VietNamNet Bridge – Banks all plan to raise their chartered capital to become stronger and more competitive. However, their plans have been delayed many times because of the lackluster stock market.
Only several small banks still do not have enough--three trillion dong in chartered capital as required by the Decree No 141, for bank organization and operation management.
Gia Dinh Bank is one of the banks. It has offered to sell shares to the public in the plan to increase the chartered capital from two trillion dong to three trillion dong by December 31, 2011.
Under the plan, Gia Dinh Bank will issue 100 million shares worth one trillion dong (the face value of the shares is 10,000 dong) to existing shareholders. As for Gia Dinh and some other banks, it will be not too difficult to issue shares, because shareholders understand well that the bank must raise the chartered capital, or it will have to shut down.
Meanwhile, it proves to be more difficult for small and medium banks which have the chartered capital of three trillion dong and more, to raise more funds in accordance with the plans approved by the shareholders’ meeting.
Saigon Bank is a typical example. The plan to increase the chartered capital to 3500 billion dong in 2011 got the nod from the shareholders at the shareholders’ meeting held earlier this year. However, until now, when the fourth quarter is nearing, Saigon Bank still cannot implement the plan on issuing shares to increase its chartered capital to the targeted level.
Nam A also plans to increase its chartered capital to 3700 billion dong by the end of the year. However, to date, no new move towards the share issuance has been made by the bank.

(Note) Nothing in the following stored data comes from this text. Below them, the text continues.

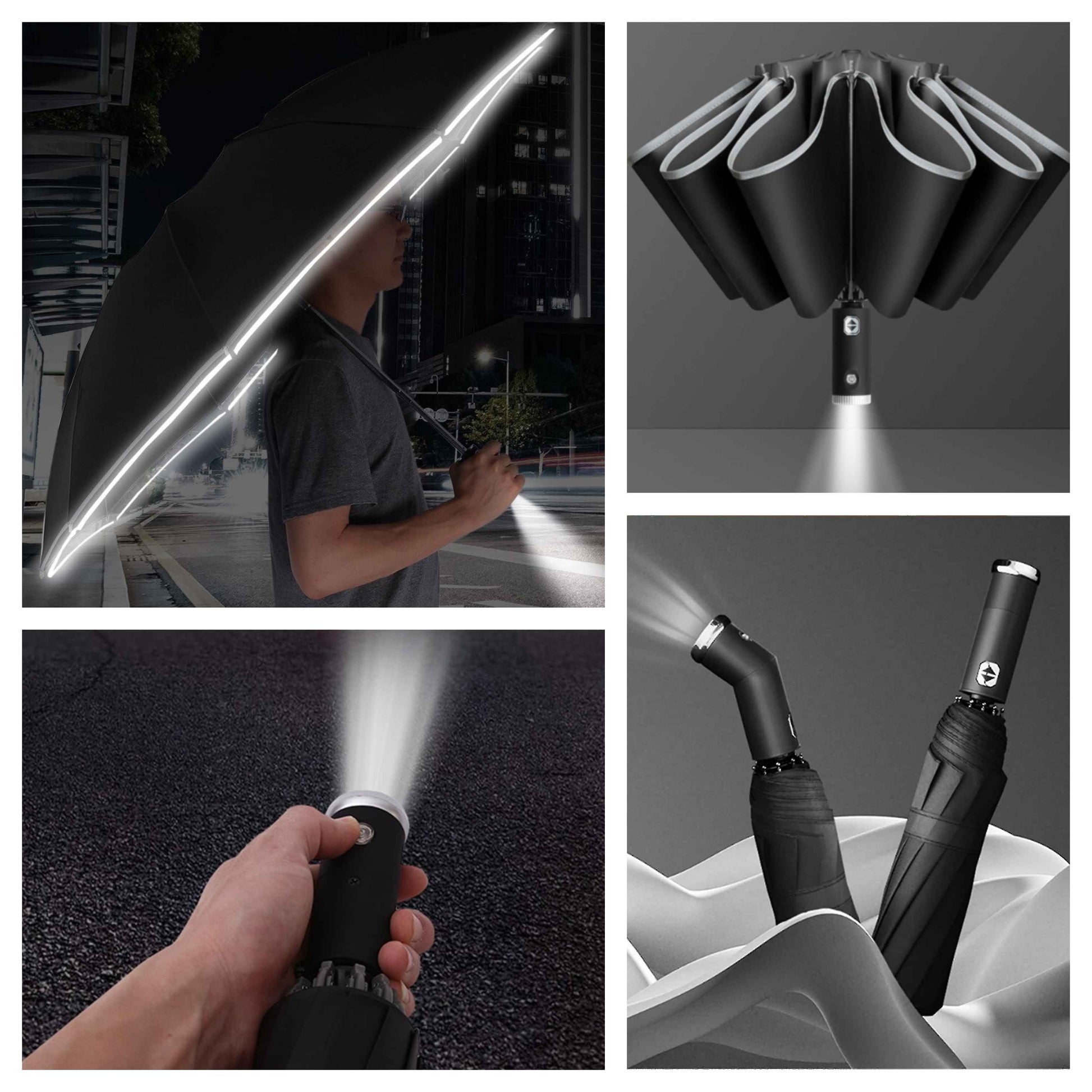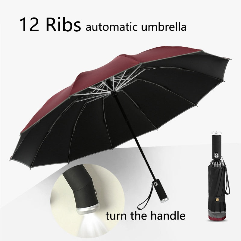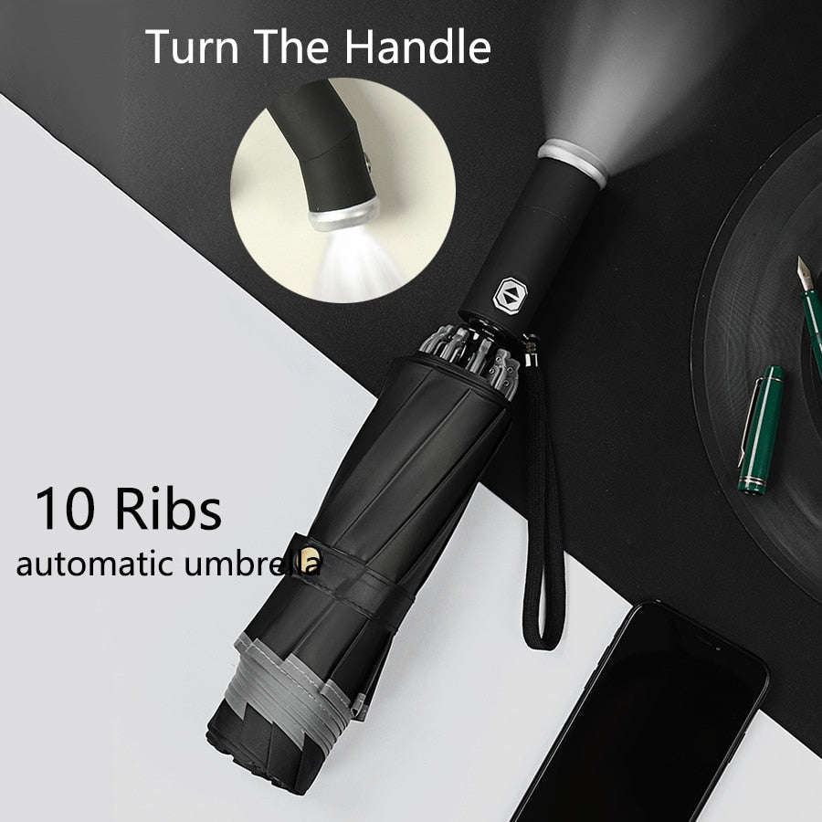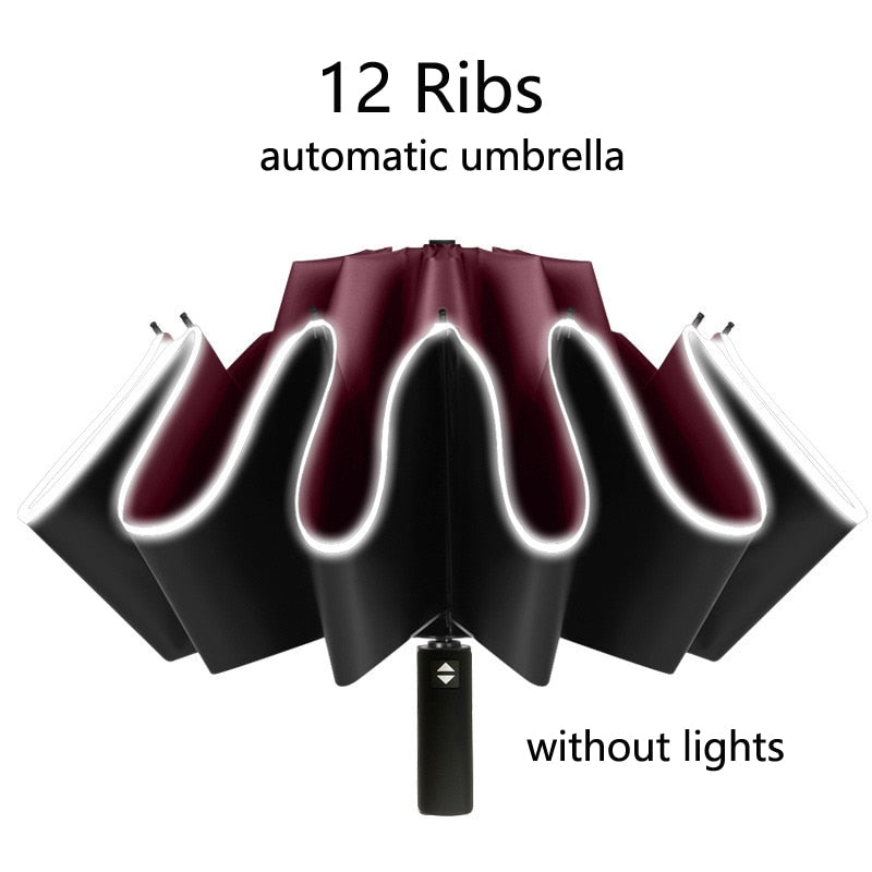 Fully Automatic Reverse Umbrella With LED Flashlight
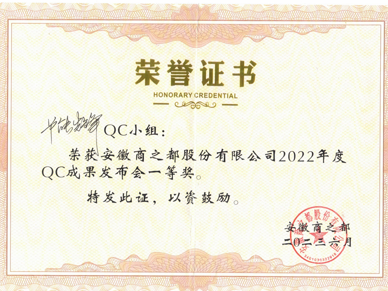 中心廣場榮獲2022年度QC成果發(fā)布一等獎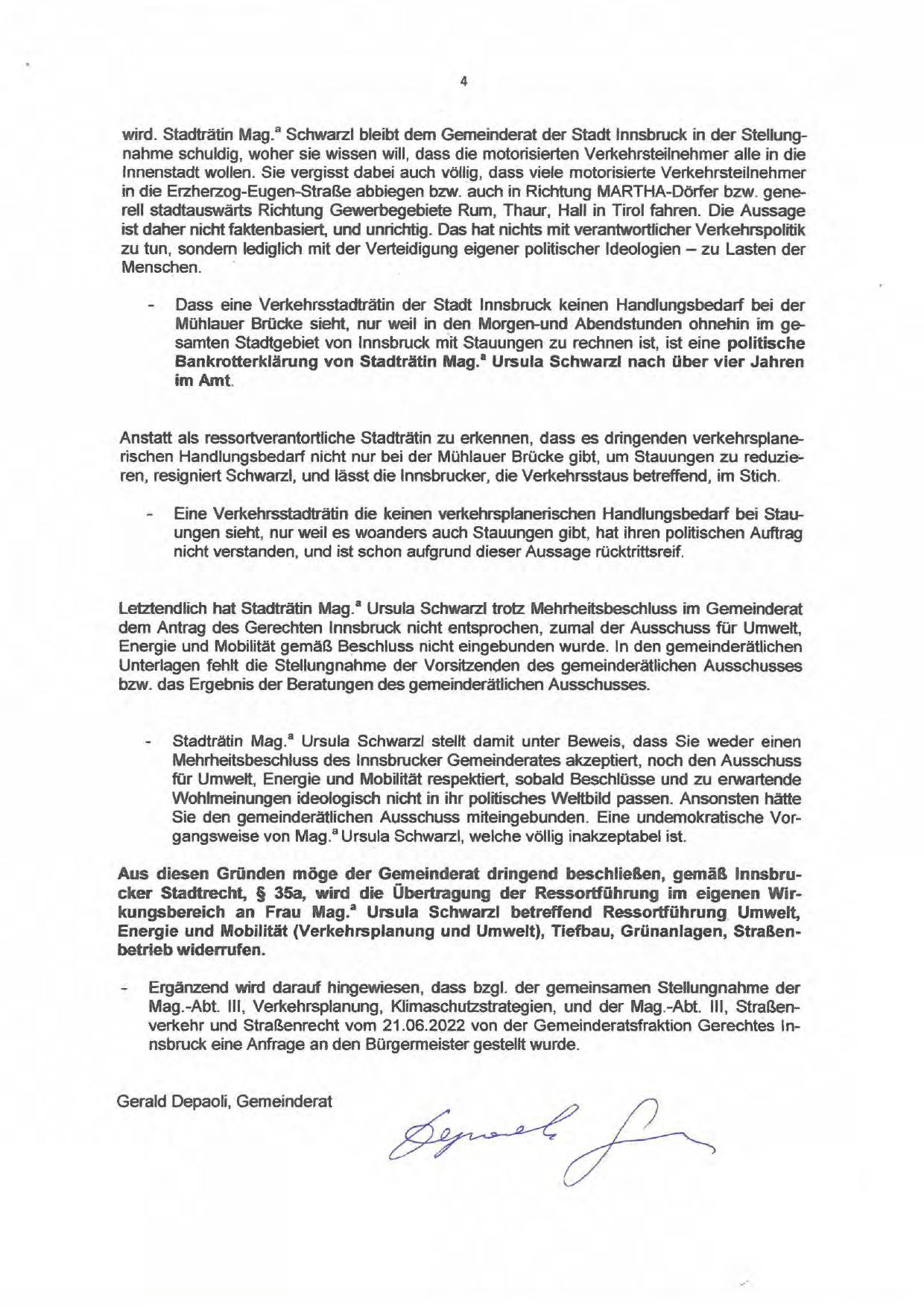 Aus diesen Gründen möge der Gemeinderat dringend beschließen, gemäß lnnsbrucker Stadtrecht, § 35a, wird die Übertragung der Ressortführung im eigenen Wirkungsbereich an Frau Mag.• Ursula Schwarzl betreffend Ressortführung Umwelt,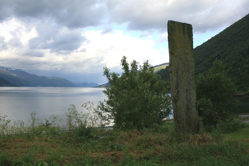 Bautasten. Stenen er efter sigende rejst over Kong Vermund, der sammen med 90 mænd blev indebrændt af Ragnvald Jarl (Harald Hårfagers Saga, kap. 12). Naustdal vest for Nordfjordeid, Sogn og Fjordane.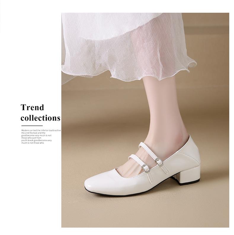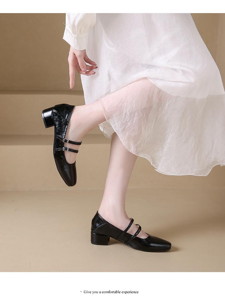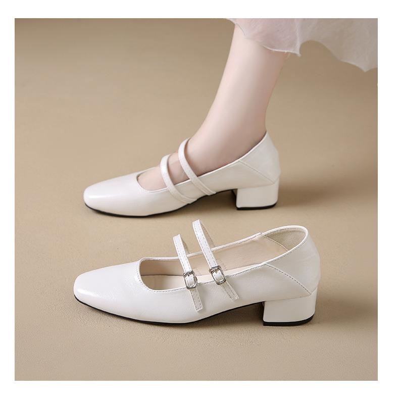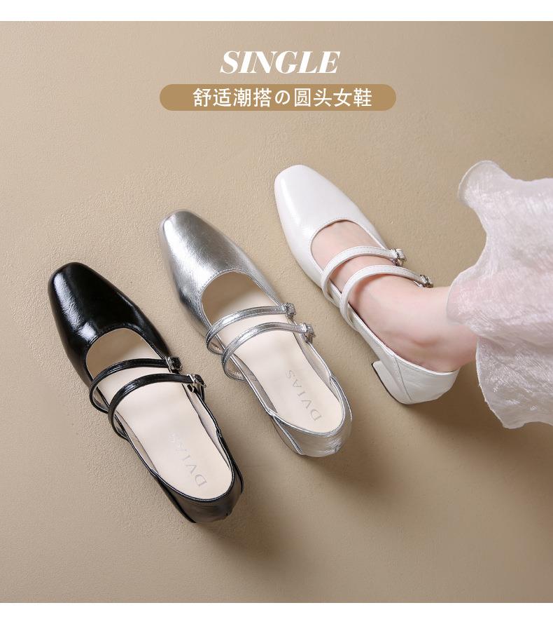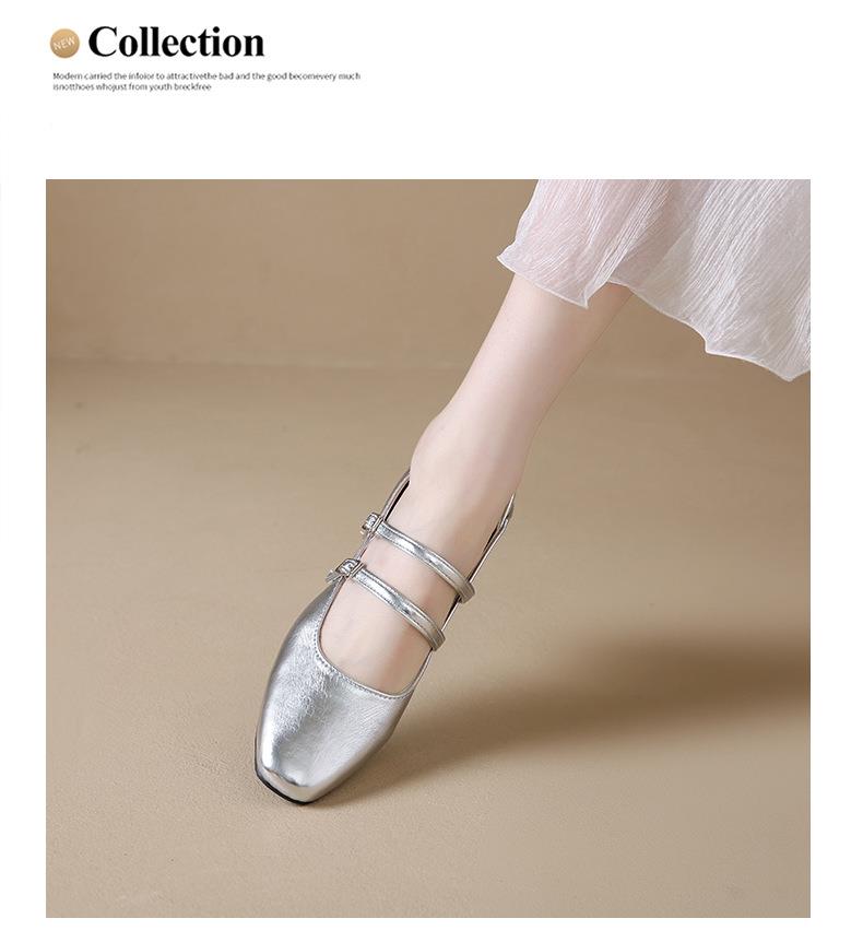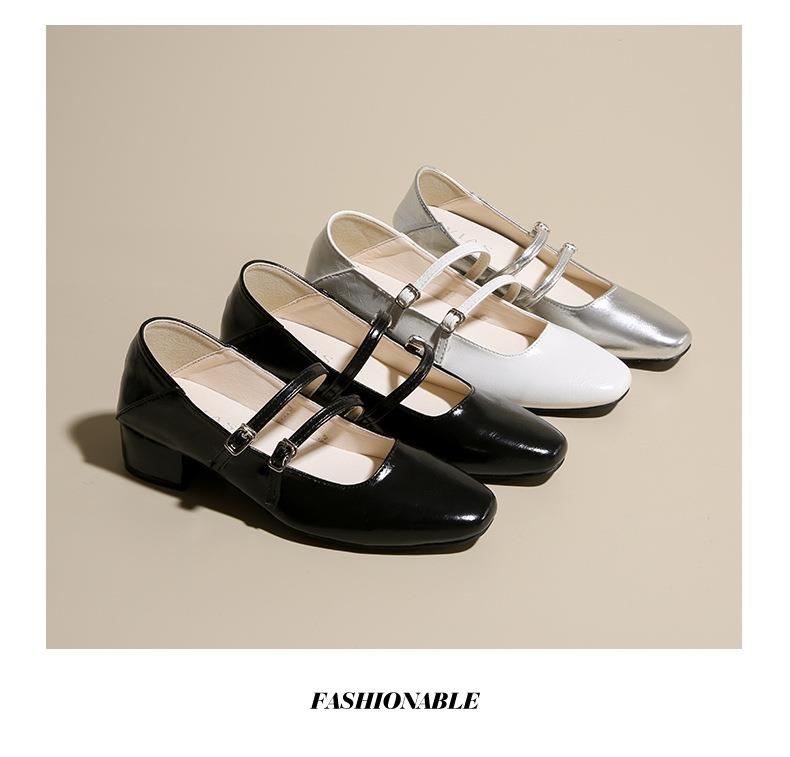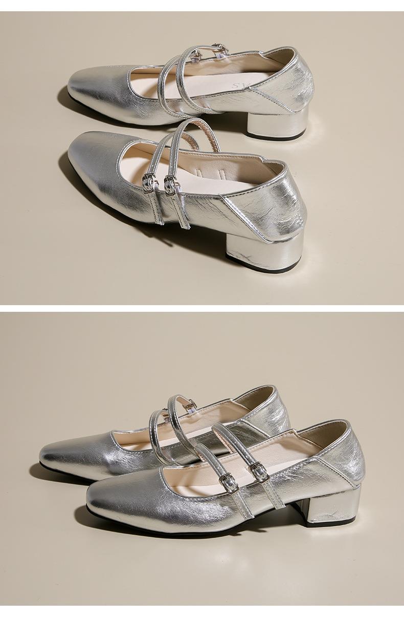 【新贵玛丽珍】2026银色浅口粗跟单鞋女春秋新款韩版法式气质仙女风温柔通勤粗跟玛丽珍鞋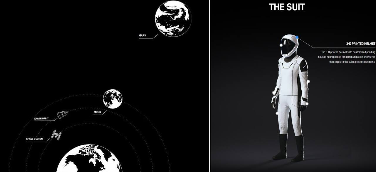 Всего четыре направления: орбита Земли, Международная космическая станция, Луна и Марс. Полеты будут выполняться на кораблях Dragon и Starship.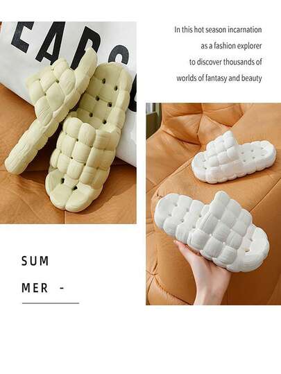 时尚个性化女士防滑浴室拖鞋,2025年新款夏季室内家居防臭淋浴凉鞋,女士系带户外沙滩拖鞋 - 綠色 - 查看 1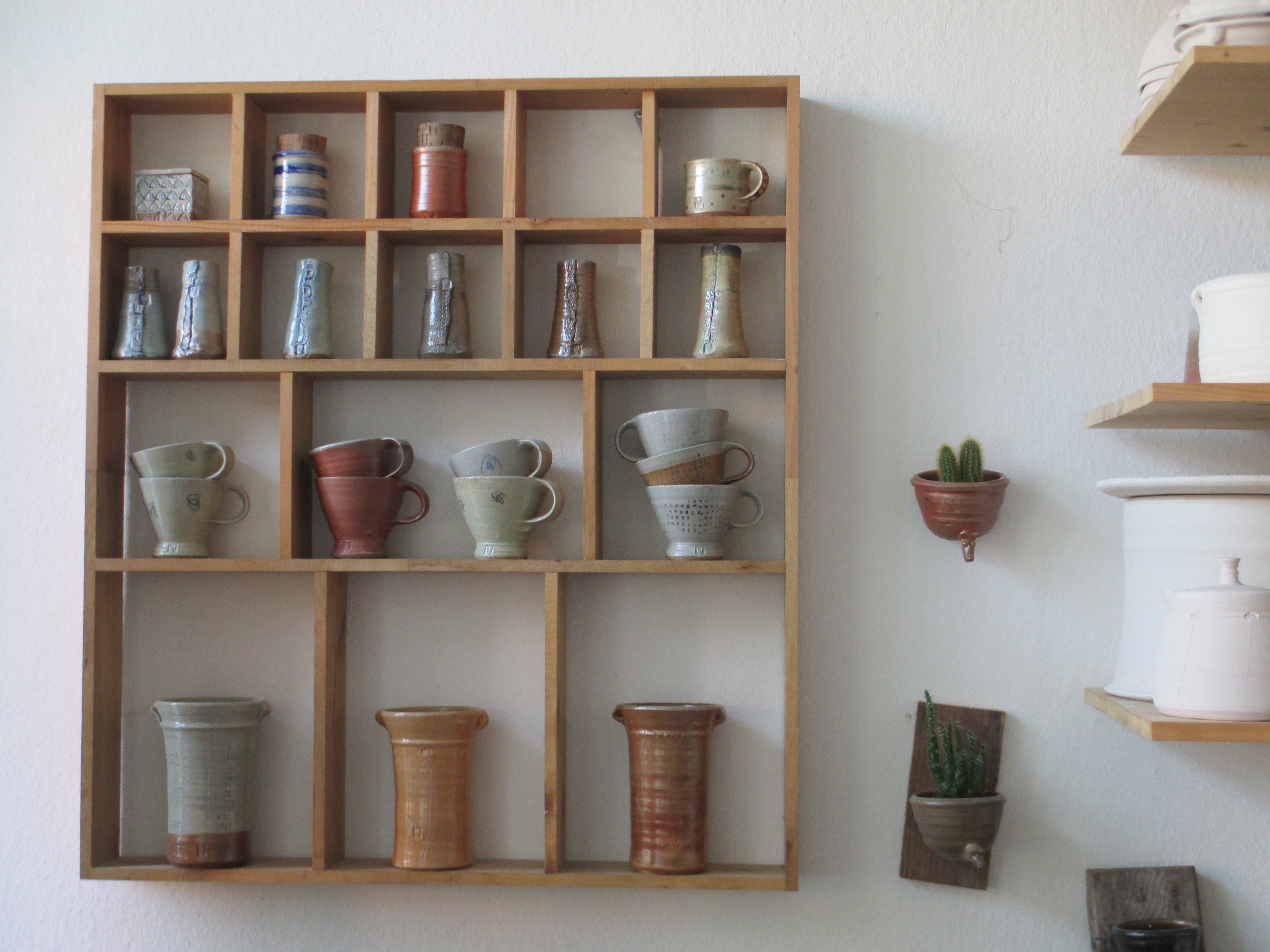Der Pfeil des Schicksals wies auf die Elbstadt, denn hier bekam sie die Zusage. „Hätte man mir gesagt, dass ich mal als Töpferin arbeite …“ sagt Elena und lacht. Sie lernte drei Jahre lang in der Kümmelschänke, die Töpferei mittlerweile nur noch in sehr kleinem Rahmen betreibt. 2010, nach ihrem Abschluss, hatte sie mit Susanne Engelhardt, die ihre Werkstatt ebenfalls auf der Gehestraße hat, ein Treffen. Es ging um die Betreuung eines Standes beim Dresdner Töpfermarkt. Als Elena anschließend die Straße entlang schlenderte, fiel ihr das leerstehende Geschäft in der Nummer 34 ins Auge. Sie schlug zu.

Most recently, the representative from HD Bank revealed that the bank is making hectic preparations to raise the chartered capital from 3000 billion dong to 5400 billion dong this year. A part of the shares to be additionally issued would be sold to strategic partners, both foreign and domestic.
However, the bank has been put under a hard pressure when it has to call for more capital from existing shareholders, partners. However, it would also be a headache for the bank’s board of management to think about how to use the huge capital in the most effective way, to ensure the optimum benefits for shareholders.
Analysts all believe that the banks are very likely to delay the capital increase plans until the next year. Banks may understand that the massive share issuances would lead to the oversupply – a very bad thing for the current lackluster stock market.
Nevertheless, some small banks still keep optimistic with their capital increase plans. Hoang Van Toan, Chair of TrustBank, said that right after getting the nod from the State Bank of Vietnam on the plan to raise the capital from 3 trillion dong to 5 trillion dong, TrustBank has applied for share issuance to the State Securities Commission (SSC).
“If we can get the approval from SSC soon, we may issue shares to increase capital in September,” Toan said.
Capital increase has been encouraged by the State Bank of Vietnam, which believes that Vietnamese banks need to become bigger and stronger to be more competitive in the integration period. A commercial bank now must have the minimum chartered capital of three trillion dong.
Even big banks also want to become bigger. VietinBank, has got the approval from the State Bank on its plan to increase the chartered capital from 16,858 billion dong to 20,230 billion dong. Meanwhile, Vietcombank will raise the chartered capital from 17,587 billion dong to 19,698 billion dong, and Eximbank has got the nod to raise the capital to 12.3 trillion dong.